When y = 4 (four 77's):
\(\mathrm{x} = 50 - 11(4) = 6\)
\(\mathrm{n} = \mathrm{x} + \mathrm{y} = 6 + 4 = 10\)

So the possible values of n are: 10, 20, 30, 40, 50

Looking at our answer choices (38, 39, 40, 41, 42), only 40 appears in our list!

Process Skill: CONSIDER ALL CASES - Testing each valid possibility systematically

Final Answer

Let's verify: When n = 40, we have y = 1 and x = 39.
Check: 39 terms of 7 plus 1 term of 77 = \(39(7) + 1(77) = 273 + 77 = 350\) ✓

The answer is C. 40

Common Faltering Points

Errors while devising the approach

1. Misunderstanding the problem setup
Students often confuse what 'n' represents. They might think n is the number of 7's or the number of 77's, rather than understanding that n is the total number of terms in the sum. This leads to setting up incorrect equations from the start.

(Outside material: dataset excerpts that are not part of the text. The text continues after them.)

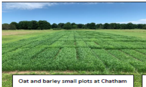
Oat and barley small plots at Chatham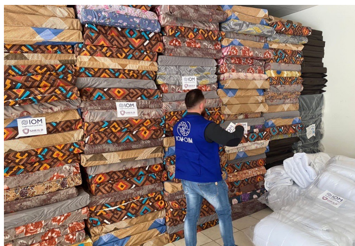
IOM and SHEILD distribution in Southern Lebanon

Between 02 November and 11 January, IOM Egypt supported a total of 716 Third Country Nationals (TCNs), family members, and evacuees with various types of assistance including accommodation, land transport, air transport, protection assistance, and/or medical assistance (referrals, fit-to travel checks, medical referrals, etc.) at the request of their respective Embassies.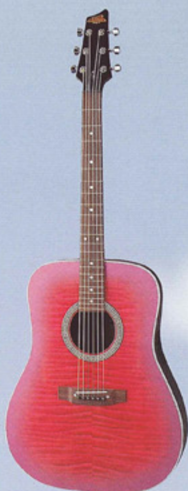
SD22GFE PP (Pearl Pink Sunburst)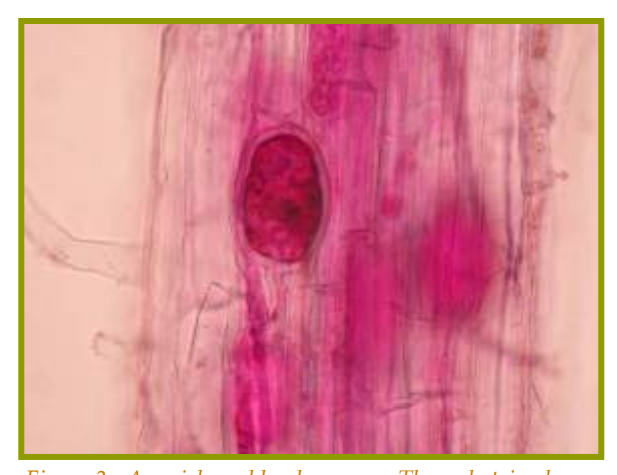
Figure 3: A vesicle and hyphae seen a Themeda triandra root cell.

Go to www.ffp.csiro.au/research/mycorrhiza/vam.html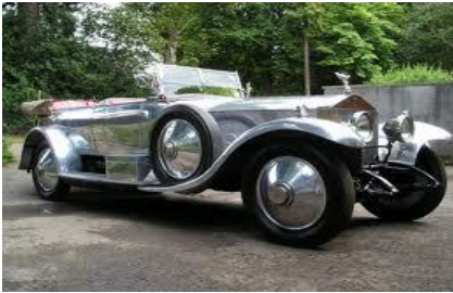
Blind date was the original owner!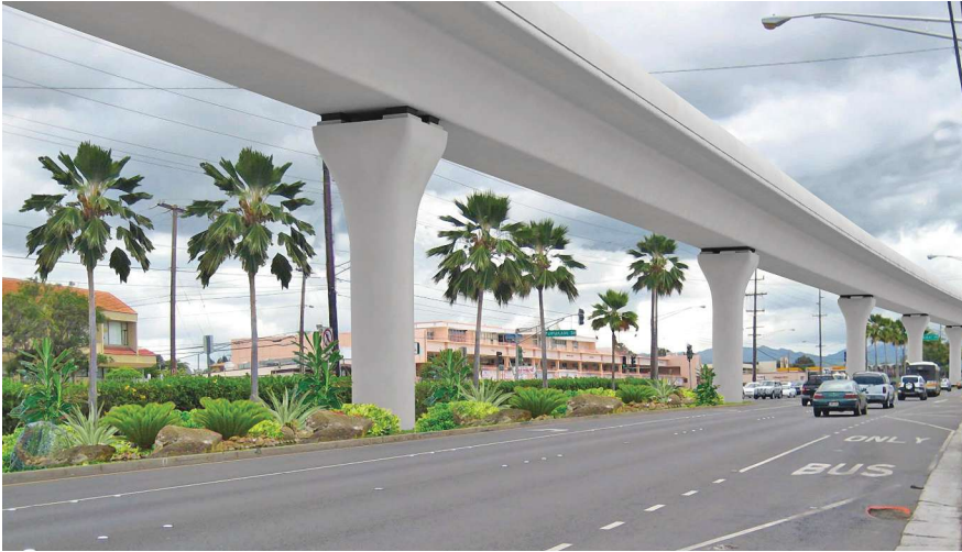
Rendering of typical urban section of Honolulu Rail Transit Project (Segments 1 and 2). All Renderings and Photos: FIGG.

The Honolulu Rail Transit Project is a 20-mile elevated rail line on the island of O'ahu that will connect west O'ahu with downtown Honolulu and the Ala Moana Center via the Honolulu International Airport. The system features state-of-the-art, electric, steel-wheel trains that will travel the entire route through 21 stations in 42 minutes. Trains will travel on steel rails and will be powered by a third rail. The $5.16 billion project will provide approximately 10,000 direct and indirect jobs per year.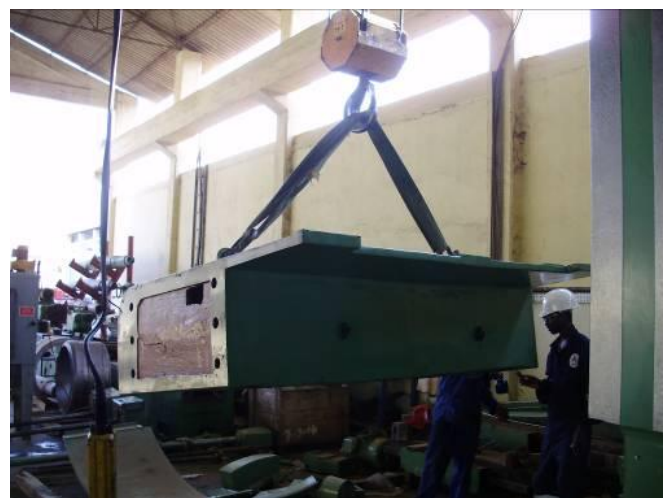
Figure 9: The roof and the interconnection with the intermediate plate, so that a good retraction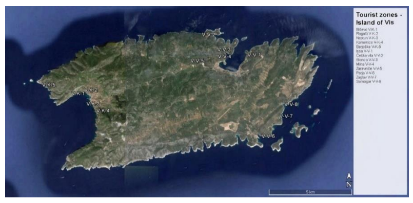
Figure 1: Map of analyzed tourist zones on the island of Vis

For research purposes were analyzed isolated tourist zones provided in the spatial plans for the island of Vis<sup>2</sup>. On the island of Vis is analyzed a total of 13 tourist zones which contain any form of cultural or natural heritage. The zones are numbered and mapped in the Figure 1 and classified as following in the Table 1.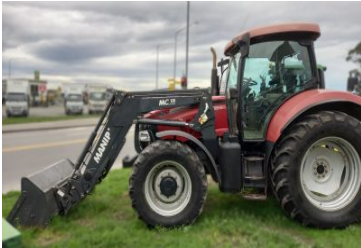
Case Maxxum 125 208881 (C) Maxxum 125, Tractor, 2012, 4118 hours, 126hp, Used, 110, 540/1000, MFWD, $65,000.00+GST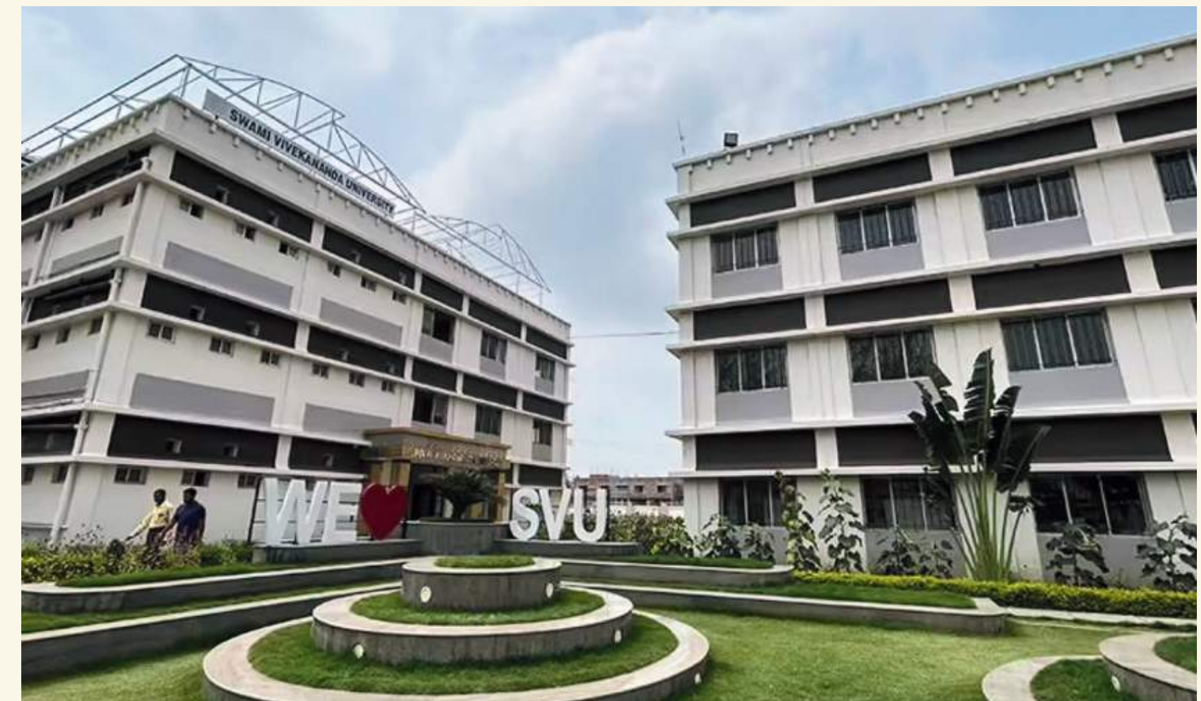
Swami Vivekananda University

Approved By AICTE & Affiliated To, WB-SCTVESD

2. Incorrect variable assignment
Some students struggle with creating two variables (x and y) and instead try to solve with just one variable. They might attempt to express everything in terms of just the number of 7's or just the number of 77's, missing the relationship between the two types of terms.

3. Missing the constraint recognition
Students may set up the equation \(7\mathrm{x} + 77\mathrm{y} = 350\) correctly but fail to recognize that both x and y must be non-negative integers. This constraint is crucial for limiting the possible solutions, and without recognizing it, students get lost in the solution process.

Errors while executing the approach

1. Arithmetic errors in simplification
When dividing \(7\mathrm{x} + 77\mathrm{y} = 350\) by 7 to get \(\mathrm{x} + 11\mathrm{y} = 50\), students commonly make calculation mistakes. They might incorrectly divide 77 by 7 (getting something other than 11) or divide 350 by 7 incorrectly (getting something other than 50).

2. Incorrect constraint application
When finding the maximum value of y from \(\mathrm{x} = 50 - 11\mathrm{y} \geq 0\), students often make errors. They might incorrectly solve \(50 - 11\mathrm{y} \geq 0\), getting the wrong upper bound for y, or forget that y must be a whole number, leading to testing non-integer values.

3. Incomplete case testing
Students may correctly identify that y can be 0, 1, 2, 3, or 4, but then fail to systematically test all cases. They might test only a few values of y and miss calculating n for all possible scenarios, potentially missing the correct answer.

Errors while selecting the answer

1. Confusing calculated values
After finding all possible values of n (10, 20, 30, 40, 50), students sometimes confuse these with the intermediate values they calculated (like x = 39 when y = 1). They might incorrectly select 39 instead of 40, mixing up the number of 7's with the total number of terms.

2. Verification errors
Even when students identify that n = 40 is the answer, they may make mistakes in the final verification step. When checking \(39(7) + 1(77) = 350\), they might miscalculate \(39 \times 7 = 273\) or the final sum, leading them to doubt their correct answer and potentially change it.